(Beginning of SOURCE MATERIAL)

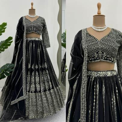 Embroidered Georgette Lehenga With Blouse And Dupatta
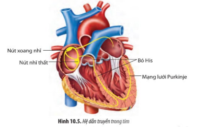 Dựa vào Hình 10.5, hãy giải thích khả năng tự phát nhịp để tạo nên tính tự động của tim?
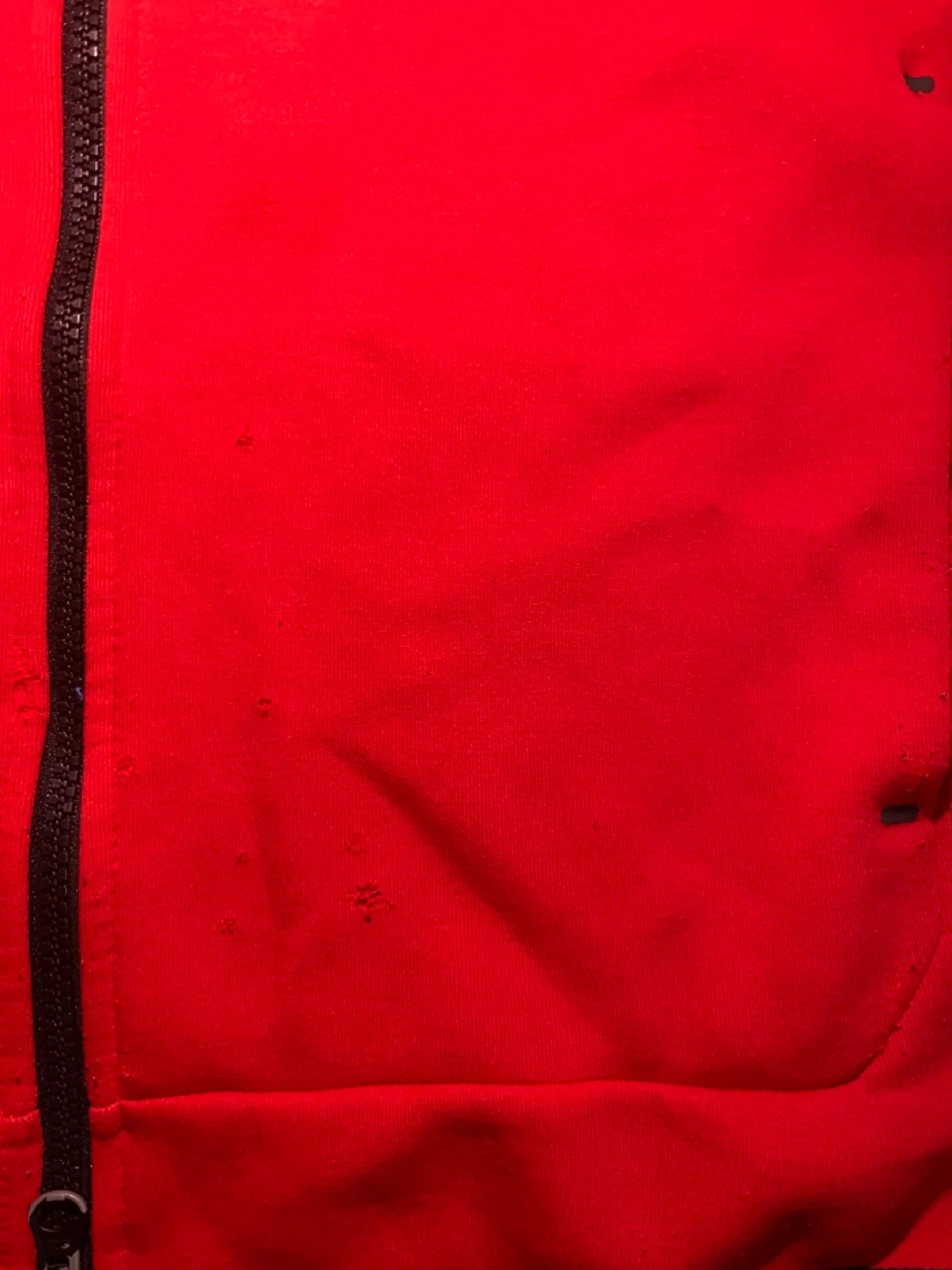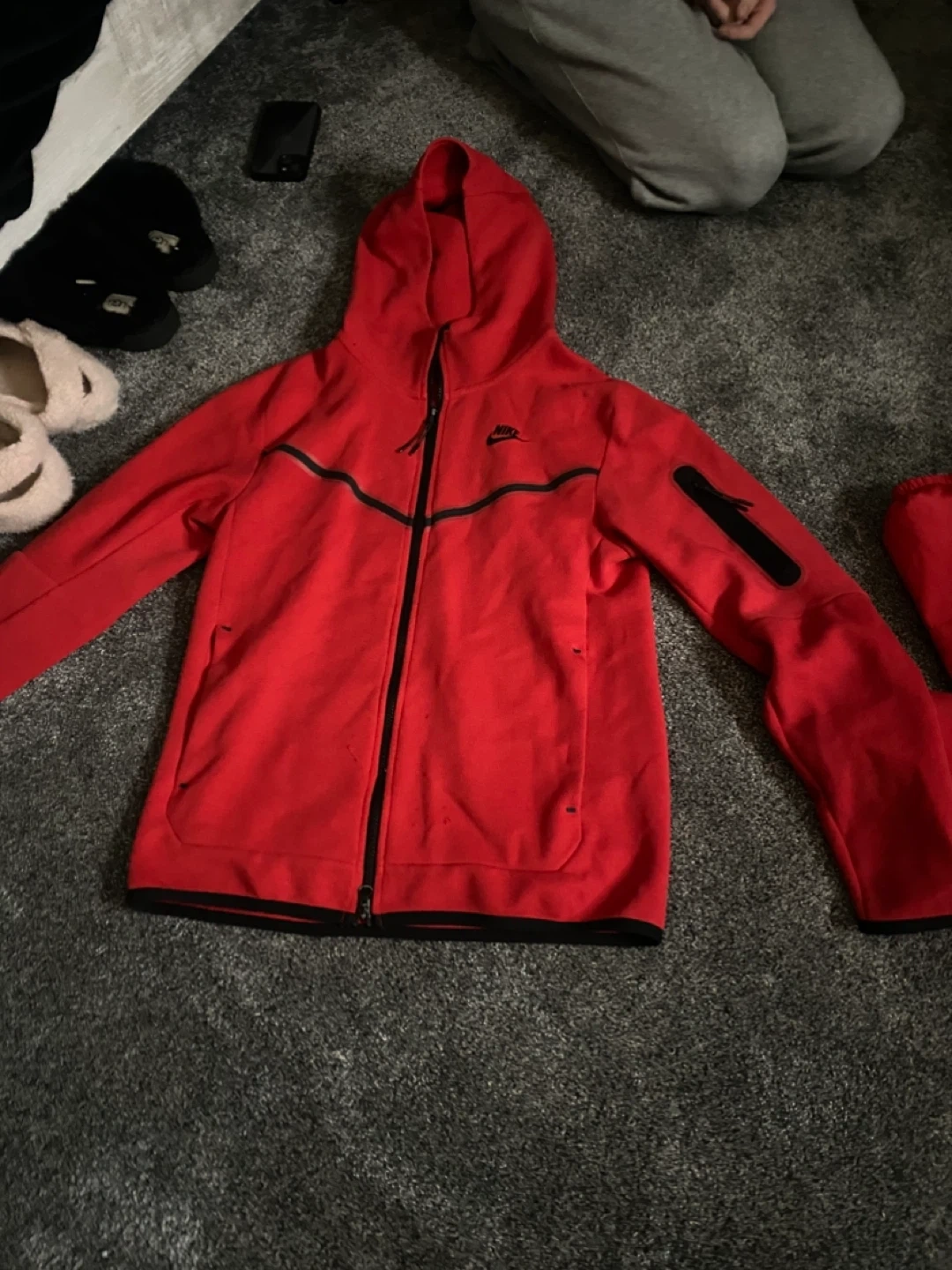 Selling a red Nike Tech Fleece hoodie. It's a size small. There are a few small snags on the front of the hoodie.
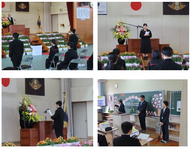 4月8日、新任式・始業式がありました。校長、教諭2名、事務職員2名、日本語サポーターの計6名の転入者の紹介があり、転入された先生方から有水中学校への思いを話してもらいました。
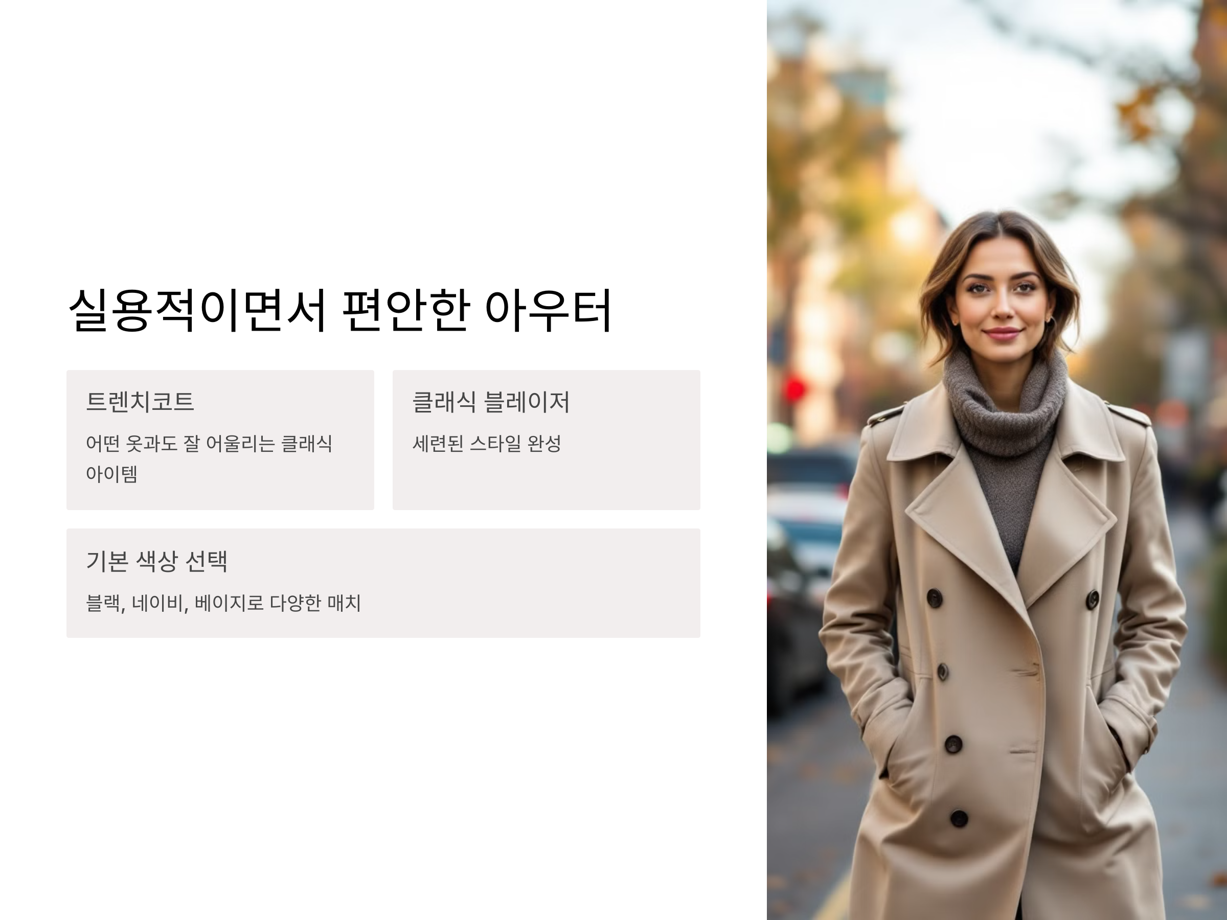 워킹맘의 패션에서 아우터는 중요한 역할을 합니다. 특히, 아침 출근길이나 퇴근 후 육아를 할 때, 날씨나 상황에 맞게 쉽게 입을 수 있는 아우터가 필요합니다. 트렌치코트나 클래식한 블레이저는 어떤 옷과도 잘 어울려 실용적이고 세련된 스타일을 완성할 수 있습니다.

(End of SOURCE MATERIAL)
(Beginning of SOURCE MATERIAL)

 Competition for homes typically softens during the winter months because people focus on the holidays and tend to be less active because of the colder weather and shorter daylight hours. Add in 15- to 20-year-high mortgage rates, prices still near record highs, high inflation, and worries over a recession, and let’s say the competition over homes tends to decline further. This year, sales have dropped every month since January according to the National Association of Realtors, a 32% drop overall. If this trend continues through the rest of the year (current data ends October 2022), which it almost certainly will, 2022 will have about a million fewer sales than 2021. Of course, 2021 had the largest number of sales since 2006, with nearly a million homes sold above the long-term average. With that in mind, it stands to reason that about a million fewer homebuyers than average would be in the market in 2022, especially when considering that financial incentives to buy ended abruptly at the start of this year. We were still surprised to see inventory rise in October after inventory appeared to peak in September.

(End of SOURCE MATERIAL)

### TASK DETAILS
Using the entries above, transcribe exactly from the line that has "Embroidered Georgette Lehenga" through the line that has "워킹맘의 패션에서 아우터는". Pictures are dropped.

### RESPONSE AREA
 Embroidered Georgette Lehenga With Blouse And Dupatta
 Dựa vào Hình 10.5, hãy giải thích khả năng tự phát nhịp để tạo nên tính tự động của tim?
 Selling a red Nike Tech Fleece hoodie. It's a size small. There are a few small snags on the front of the hoodie.
 4月8日、新任式・始業式がありました。校長、教諭2名、事務職員2名、日本語サポーターの計6名の転入者の紹介があり、転入された先生方から有水中学校への思いを話してもらいました。
 워킹맘의 패션에서 아우터는 중요한 역할을 합니다. 특히, 아침 출근길이나 퇴근 후 육아를 할 때, 날씨나 상황에 맞게 쉽게 입을 수 있는 아우터가 필요합니다. 트렌치코트나 클래식한 블레이저는 어떤 옷과도 잘 어울려 실용적이고 세련된 스타일을 완성할 수 있습니다.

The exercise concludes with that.